Макс Гурин - Душа и навыки
После Берлина сразу Москва. Потому что в пределах данной иерархИи. Две столицы двух враждующих царств. Все как прежде: Византия да Рим; Земля да Небесная Твердь!.. Москва да Тверь, как старые полюса борьбы за третье склонение, в котором определенная окказиональная девочка. Окказиональная, потому что все-таки склоняется по первому типу, на «а», но и она тоже Речь, как и я. И пусть себе Катя считает, что мы не одно и то же!
В Москве парад. Если не память мне изменяет, то кто? Двадцать пятого буду бля. Двадцать пятого июня он был. В будущий день рожденья моей первой жены. Если двадцать четвертого, что тоже, быть может, то в день рождения супруга моей двоюродной сестры, которая на три года старше одной, столь много отнявшей у меня сил.
Когда Онегин к Огню подошел с гордым фашистским знаменьем (Не опечатка! (Прим. Сквор.)) наперевес, он, в отличие от других советских солдат, понимал, что не на смерть он полотнище сейчас обречет, — вот чего политрук в нем не смог разглядеть!
Онегин в кирзовых сапогах шагал бодро; выдавать ему было нечего; напротив, он, как Коля на сожжении Костромы, всячески пытался синтезировать из собственного безразличия к происходящему празднеству некое приличествующее моменту волненье души.
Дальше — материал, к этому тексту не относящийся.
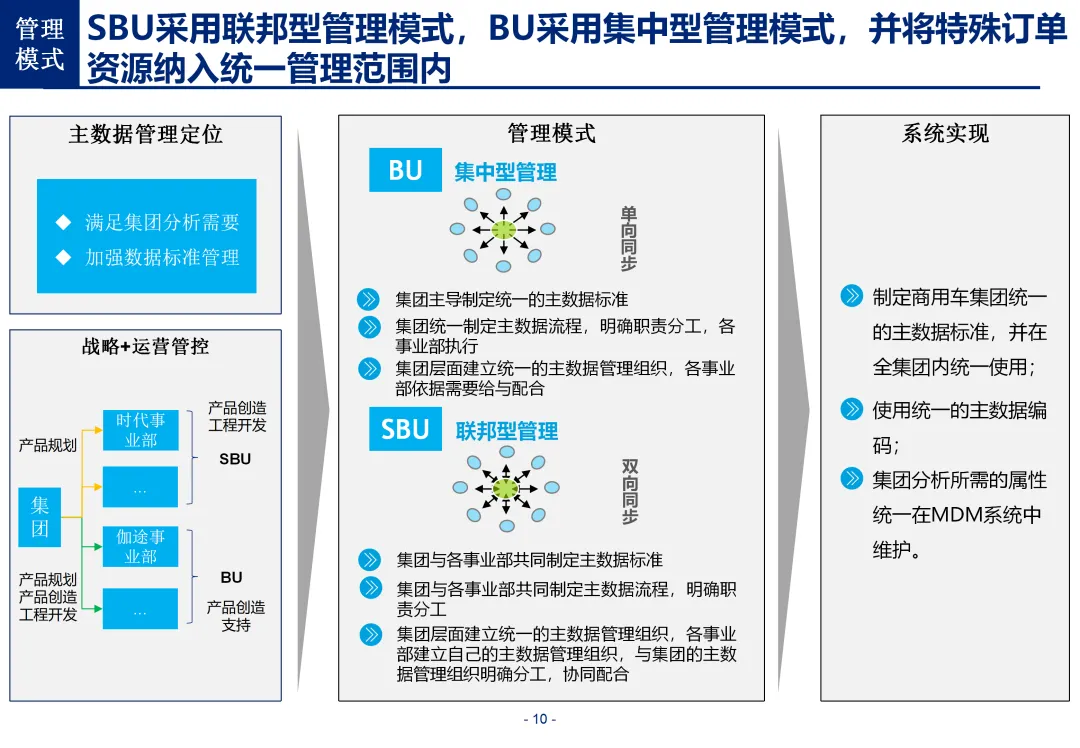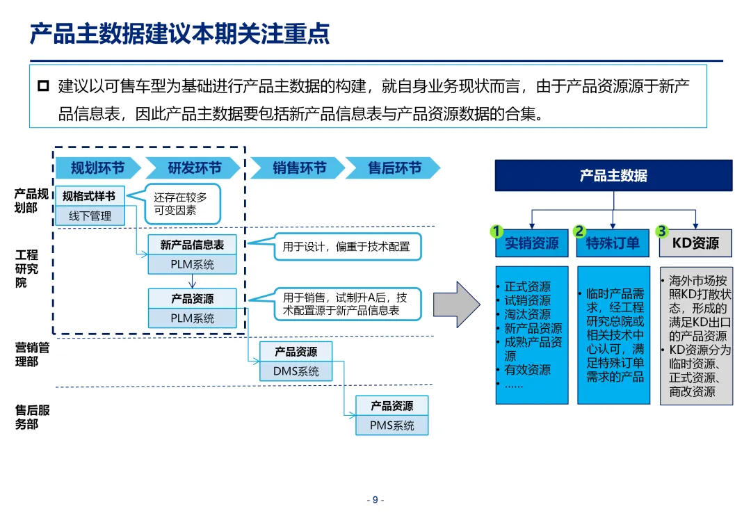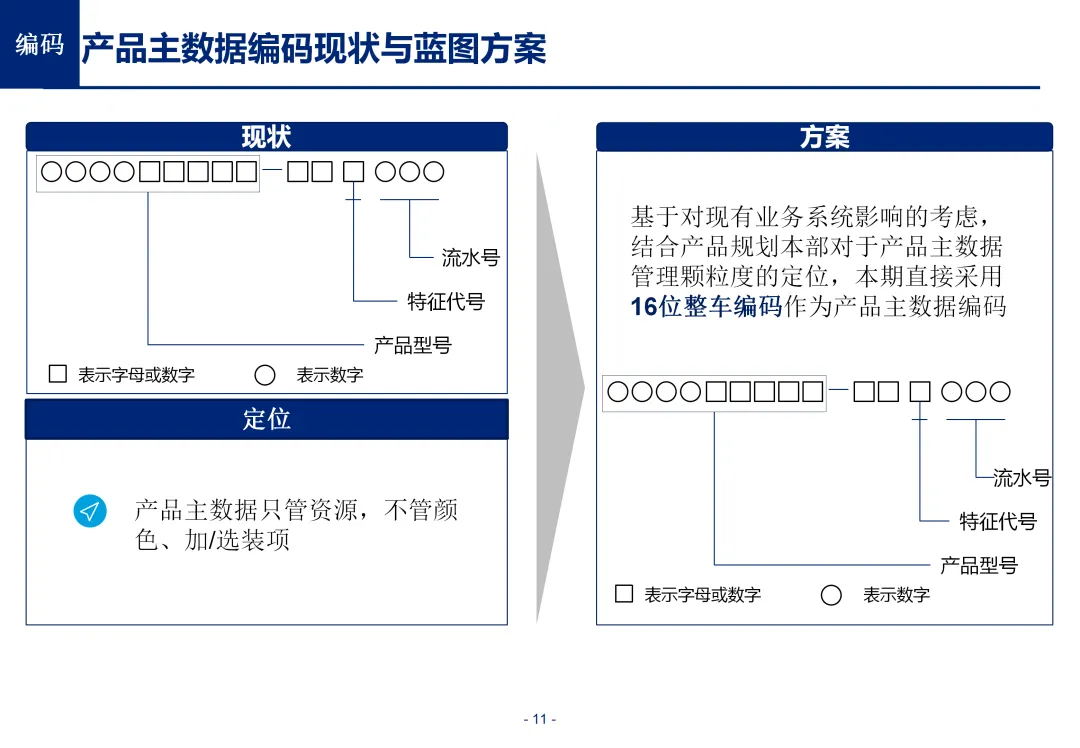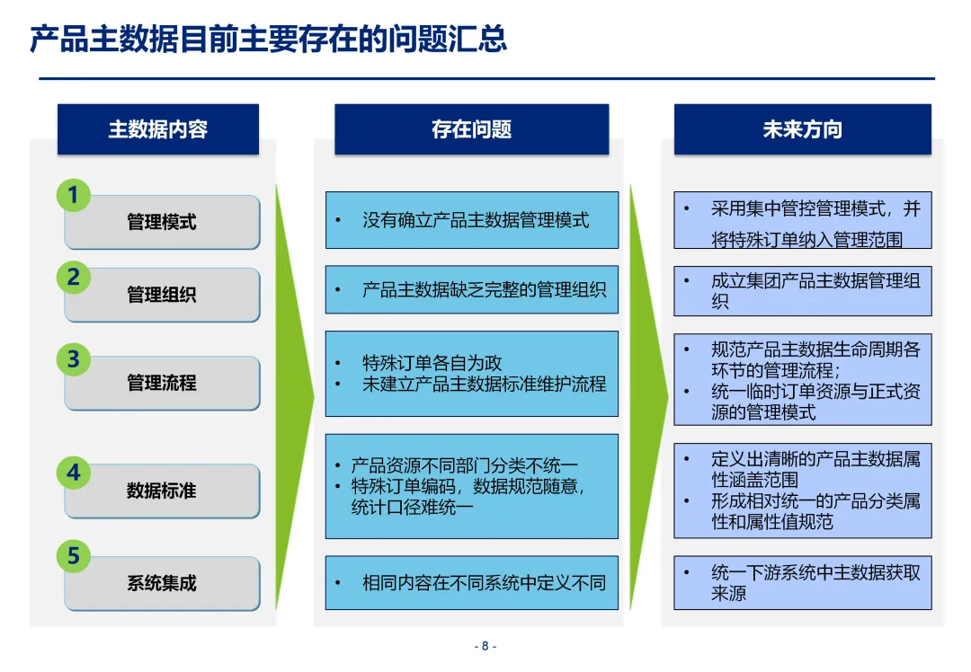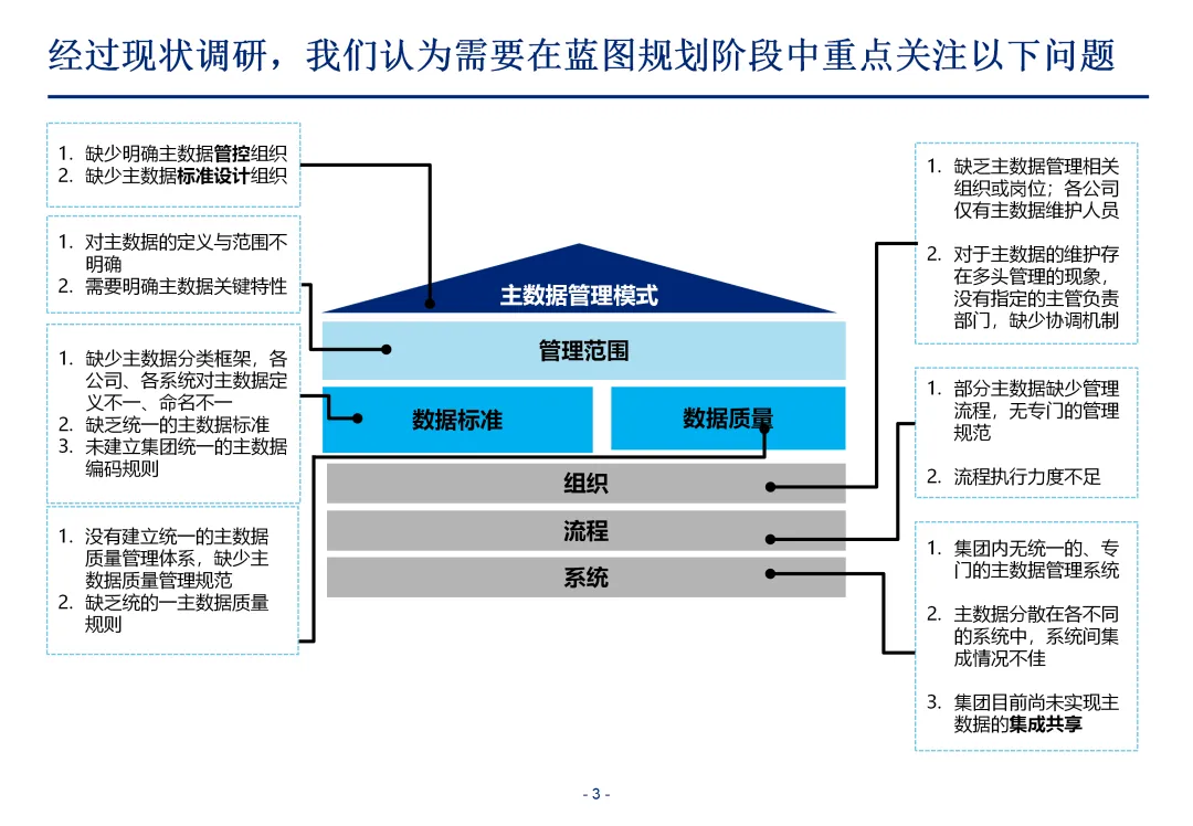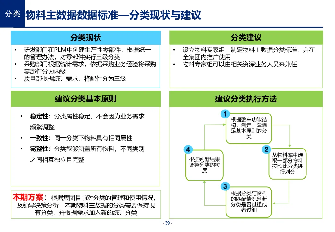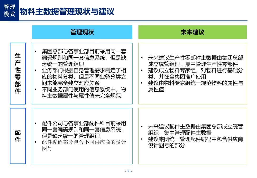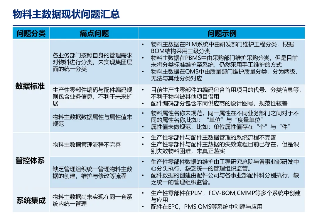 方案基于大量汽车行业项目调研,精准提炼了行业主数据管理的 6 大共性痛点,也是企业蓝图规划必须破解的核心问题:一是组织管控缺位,缺少明确的主数据管控与标准设计组织,无归口主管部门与跨部门协调机制,存在多头管理、权责不清的根源性问题;二是管理范围模糊,对主数据的定义、范围无明确界定,集团内各子公司、各系统对同一主数据的定义、命名规则不统一,形成天然业务壁垒;三是数据标准缺失,无集团统一的主数据分类框架、编码规则与属性标准,是数据不一致的核心诱因;四是管理流程失范,部分主数据缺少全生命周期管理规范,流程执行力度不足,主数据变更无审批、无追溯,极易引发生产停线、订单错误等运营事故;五是系统支撑不足,无集团级统一主数据管理系统,主数据分散在数十套异构系统中,系统间集成能力弱,无法形成集团统一经营数据视图;六是质量体系空白,未建立统一的主数据质量管理体系与检查规则,无法实现数据质量的全周期管控,最终导致财务报表失真、决策依据不可靠、合规风险高企。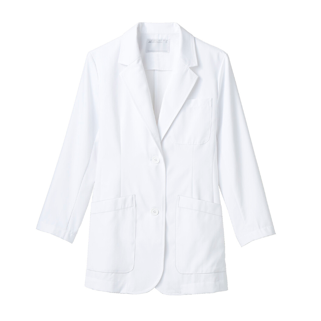 住商モンブランのブレザータイプのドクターコートです。 制菌・透け防止・制電・防汚加工を付与した、まとわりつかないスタンダードなドクターコートです。

Когда, наконец, ненавистное всем советским людям полотнище было предано им Вечной Геене, он лишь один знал, что просто помог фашистам вернуть на место то, что они там, в тридцать третьем году одолжили, но сами не в силах теперь вернуть долг, ибо их всех он, Онегин, насмерть отшлепал по жопе. От скуки, конечно. Мы-то, образованные граждане, знаем, что ни от чего не другого.
И сгорели фашистские свастики-солнцы. Вернулись они туда, откуда произошли. Это как на хуй пойти или в пизду. Что называется, «иди, откуда пришел». Иди-иди, сделай свой собственный круг… Шансов нет. Люди же не машины, — точности, необходимой для совершения ими квадратов, от них никогда не дождешься. Только фашисты на это решились. Прям, будто о них Максим Горький писал в своем «Буревестнике»: «…Безумству храбрых поем мы песню!»
Онегин же, бросив чужое знамя в костер, сам туда же незаметно прилег, и покуда с физической точки зрения оставался ко всяким размышлениям и чувствам способный, все думал он, как долдон, о Татьяне своей, вспоминал, и сам себе смешон был.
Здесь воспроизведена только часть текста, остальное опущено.